Reproduce the whole listing word for word. Leave every image out.
[THE DATA Boundary: Start]
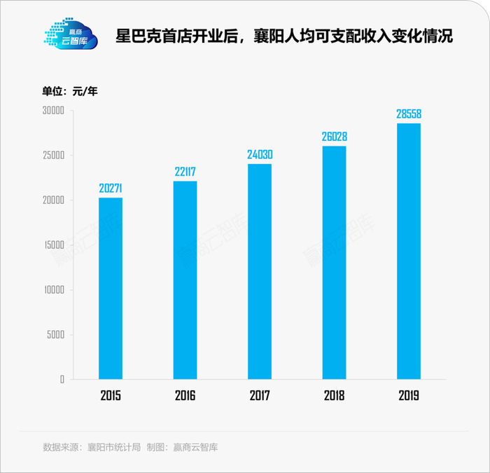 随着城市咖啡消费市场逐步打开,及人均可支配收入的逐步提升,星巴克在2020年继续加码襄阳城门店布局,分别进驻了天元四季城(2016年开业)、航空路民发广场(2017年开业),步步营造出“在襄阳喝咖啡,首选星巴克”品牌印记。
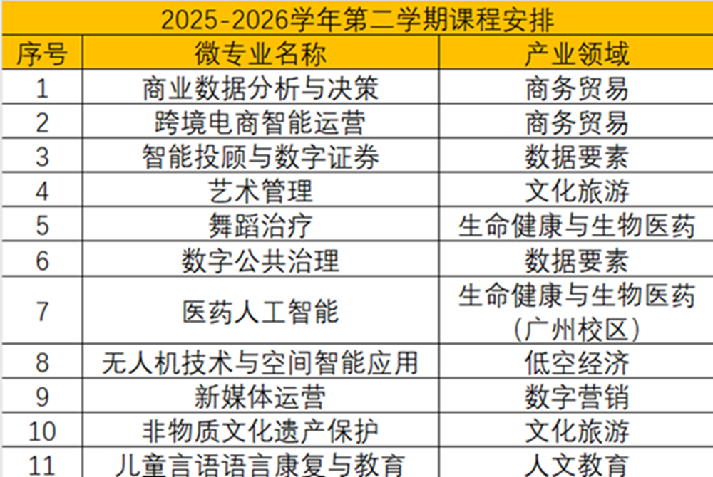 “校友微专业”项目第二期延续“小而精、专而深”的特色,课程设置紧贴校友实际需求与职业发展方向。免费开放的政策,体现了学校对校友的深情回馈,降低了学习门槛,让更多校友能够无忧重返课堂。课程体系多元,涵盖商业数据分析、跨境电商、智能投顾、艺术管理、舞蹈治疗等11大热门方向,满足不同领域校友的专业精进与技能提升需求。修完规定学时,校友可获得学校颁发的微专业证书,为职场增添助力。课程时间灵活,不占用工作日,便于校友平衡工作与学习。
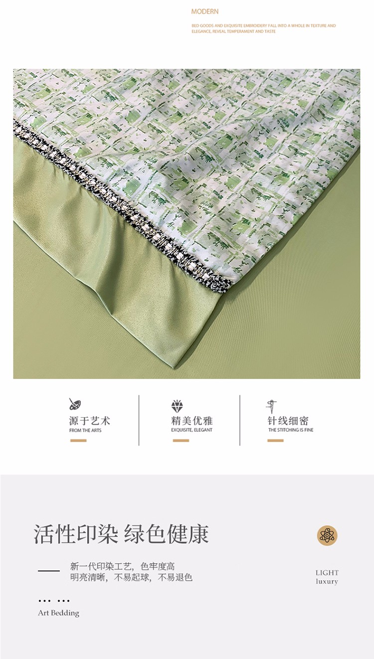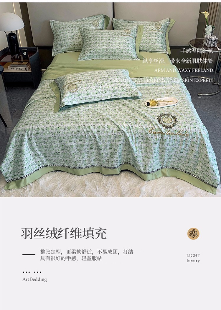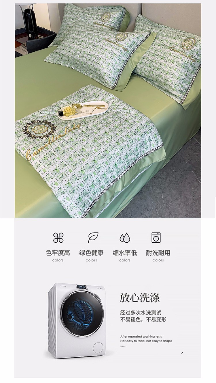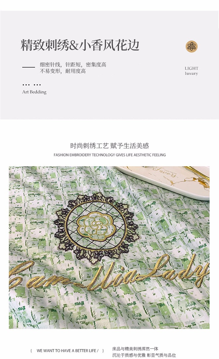 商品名称:澳洲羽 2024新款小香风刺绣夏被四件套 千鸟格-高级绿
[THE DATA Boundary: End]
YOUR SOLUTION:
 随着城市咖啡消费市场逐步打开,及人均可支配收入的逐步提升,星巴克在2020年继续加码襄阳城门店布局,分别进驻了天元四季城(2016年开业)、航空路民发广场(2017年开业),步步营造出“在襄阳喝咖啡,首选星巴克”品牌印记。
 “校友微专业”项目第二期延续“小而精、专而深”的特色,课程设置紧贴校友实际需求与职业发展方向。免费开放的政策,体现了学校对校友的深情回馈,降低了学习门槛,让更多校友能够无忧重返课堂。课程体系多元,涵盖商业数据分析、跨境电商、智能投顾、艺术管理、舞蹈治疗等11大热门方向,满足不同领域校友的专业精进与技能提升需求。修完规定学时,校友可获得学校颁发的微专业证书,为职场增添助力。课程时间灵活,不占用工作日,便于校友平衡工作与学习。
 商品名称:澳洲羽 2024新款小香风刺绣夏被四件套 千鸟格-高级绿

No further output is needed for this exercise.